──────── Source records

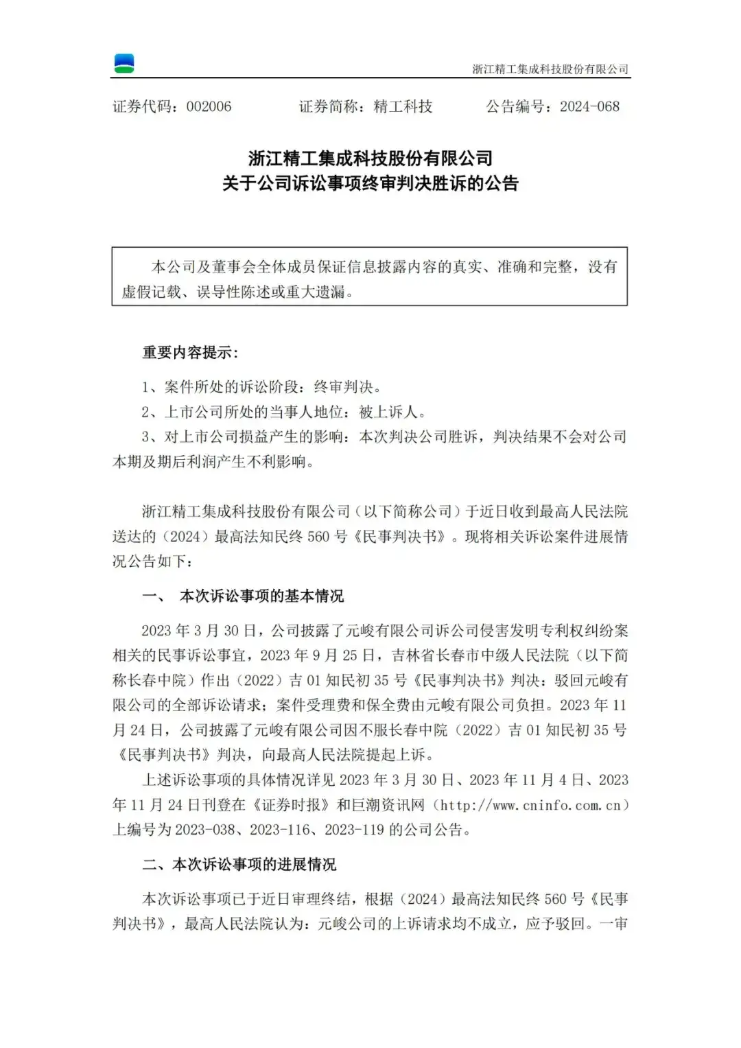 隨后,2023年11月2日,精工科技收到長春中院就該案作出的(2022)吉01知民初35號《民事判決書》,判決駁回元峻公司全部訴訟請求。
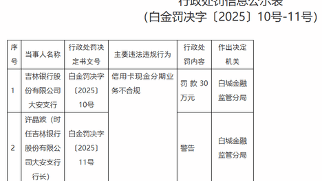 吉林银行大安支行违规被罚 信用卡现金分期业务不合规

────────────────
──────── Source records

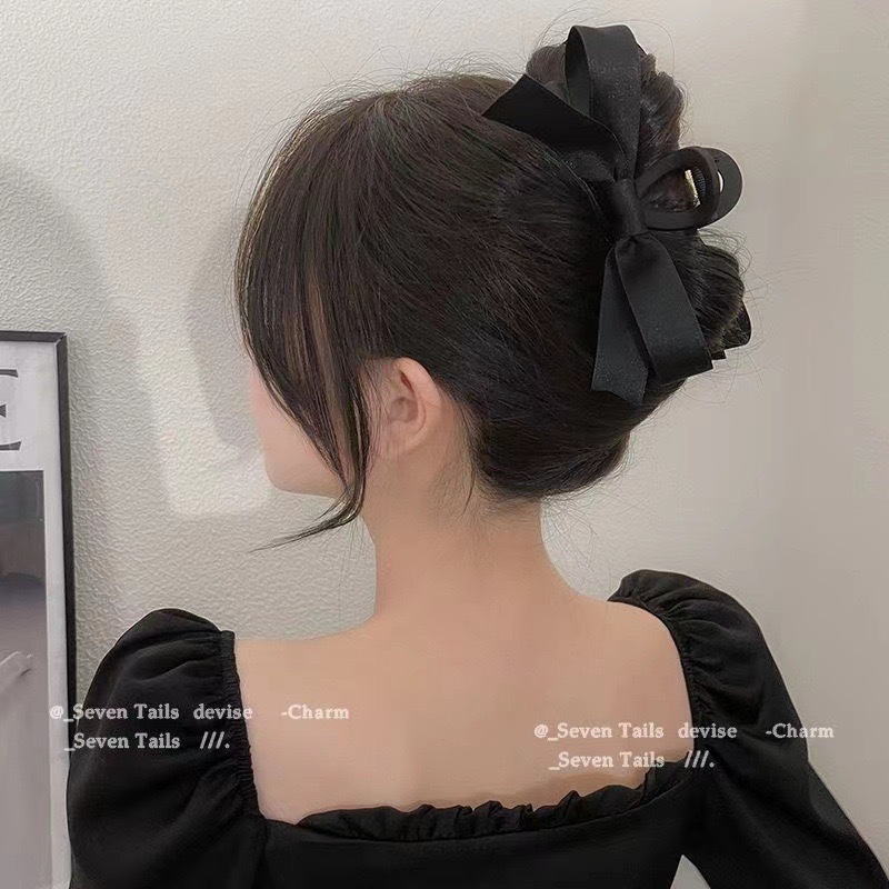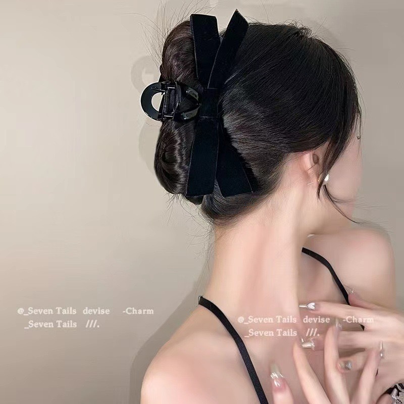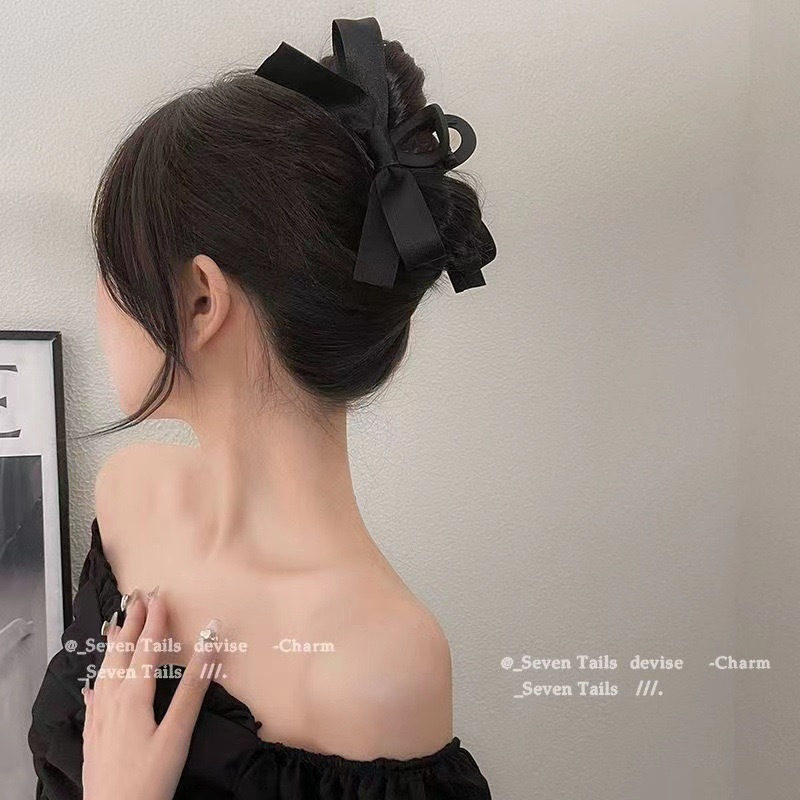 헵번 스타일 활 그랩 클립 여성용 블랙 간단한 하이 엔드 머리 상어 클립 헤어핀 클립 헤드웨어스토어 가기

────────────────

Your task: Copy needed, without pictures: the lines of the listing above from the line containing "隨后,2023年11月2日,精工科技收到" up to and including the line containing "吉林银行大安支行违规被罚 信用卡现金分期业务不合规", set down exactly.

Response box:
 隨后,2023年11月2日,精工科技收到長春中院就該案作出的(2022)吉01知民初35號《民事判決書》,判決駁回元峻公司全部訴訟請求。
 吉林银行大安支行违规被罚 信用卡现金分期业务不合规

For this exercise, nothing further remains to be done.